For any specific command, you can get more information with the --help flag, like: ldmat submatrix --help.

The package includes some example files.

The unprocessed LD matrices are too large to include here, but there is a sample processed matrix, chr21_partial.h5, which includes LD values for chromosome 21 from positions 13000001 to 22000001 (although there is no data between positions 13000001 and 14000001). This file contains all LD values greater than 0.1, rounded to 2 decimals.

Sample Query

For a sample query, we can extract the square submatrix of positions 14300001 through 14400001 with the following command:

ldmat submatrix examples/chr21_partial.h5 --row-start 14300001 --row-end 14400001

This will simply print the results as a Pandas DataFrame, so you'll probably want to save the results by adding an output file, like: ldmat submatrix ... -o YOUR_OUTPUT.csv

Sample Compression

To try compressing a file, we've included a single LD matrix with mock data, generated from a very approximate Gaussian fit of the values in an actual LD matrix. In order to convert it to the compressed format, run:

ldmat convert-chromosome "examples/chr0_*.npz" YOUR_OUTPUT.h5 -c 0 -d 2 -m .1

This will find all files matching "examples/chr0_*.npz" (which is just the single provided file) and compress them, dropping any values less than 0.1, and only keeping 2 decimals for everything. The output file can then be queried as described above.

Public Methods

You may wish to select a submatrix without having to read to or write from the filesystem, for example if you are writing a script which needs to select a submatrix on the fly. For this reason, several ldmat methods have been created specifically for public use. You can import all of these methods with import ldmat.

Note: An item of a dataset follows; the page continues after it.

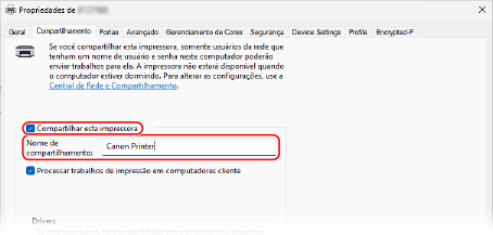 Na guia [Compartilhamento], marque a caixa de seleção [Compartilhar esta impressora] e digite um nome compartilhado.

select_submatrix_by_range(
    ld_h5: h5py.File,
    row_start: int,
    row_end: int,
    col_start: int,
    col_end: int,
    stream: bool = None,
) -> Union[pd.DataFrame, str]

The inputs to this method are:

  • The LD file, opened with h5py, like: import h5py; ld_h5 = h5py.File(ld_file, "r").
  • The start row of the range.
  • The end row of the range.
  • The start column of the range.
  • The end column of the range.
  • Whether to stream the results to a CSV. If not specified, this is decided automatically based on the expected matrix size.
select_submatrix_by_list(
    ld_h5: h5py.File,
    row_list: List[int],
    col_list: List[int],
    stream: bool = None,
) -> Union[pd.DataFrame, str]

The inputs to this method are:

  • The LD file, opened with h5py, like: import h5py; ld_h5 = h5py.File(ld_file, "r").
  • The list of rows to include.
  • The list of columns to include.
  • Whether to stream the results to a CSV. If not specified, this is decided automatically based on the expected matrix size.
select_submatrix_by_maf(
    ld_h5: h5py.File,
    lower_bound: float,
    upper_bound: float,
    stream: bool = None,
) -> Union[pd.DataFrame, str]

The inputs to this method are:

  • The LD file, opened with h5py, like: import h5py; ld_h5 = h5py.File(ld_file, "r").
  • The smallest MAF to include.
  • The largest MAF to include.
  • Whether to stream the results to a CSV. If not specified, this is decided automatically based on the expected matrix size.

Typically, the results of each of these methods will be a pandas DataFrame. However, if the data is streamed, the result will be a string, the path to the CSV result.

Input Loaders

The default input format to this tool is the files found here. However, CSVs and TSVs are also supported natively, if they are in the same format as the output of the submatrix commands. In this case, use the --loader option to specify the format, like:

ldmat convert-chromosome "examples/chr0_*.csv" YOUR_OUTPUT.h5 --loader csv

Custom Loaders

If your data is in a different format, you may wish to write a custom loader. This is easy, and simply requires implementing a few methods in a new subclass of Loader.

The two methods that must be implemented are load_as_sparse_matrix and load_metadata. If you have a custom MAF format, implement load_maf as well.

Finally, make sure to give your loader a FRIENDLY_NAME so it can be referenced by the CLI.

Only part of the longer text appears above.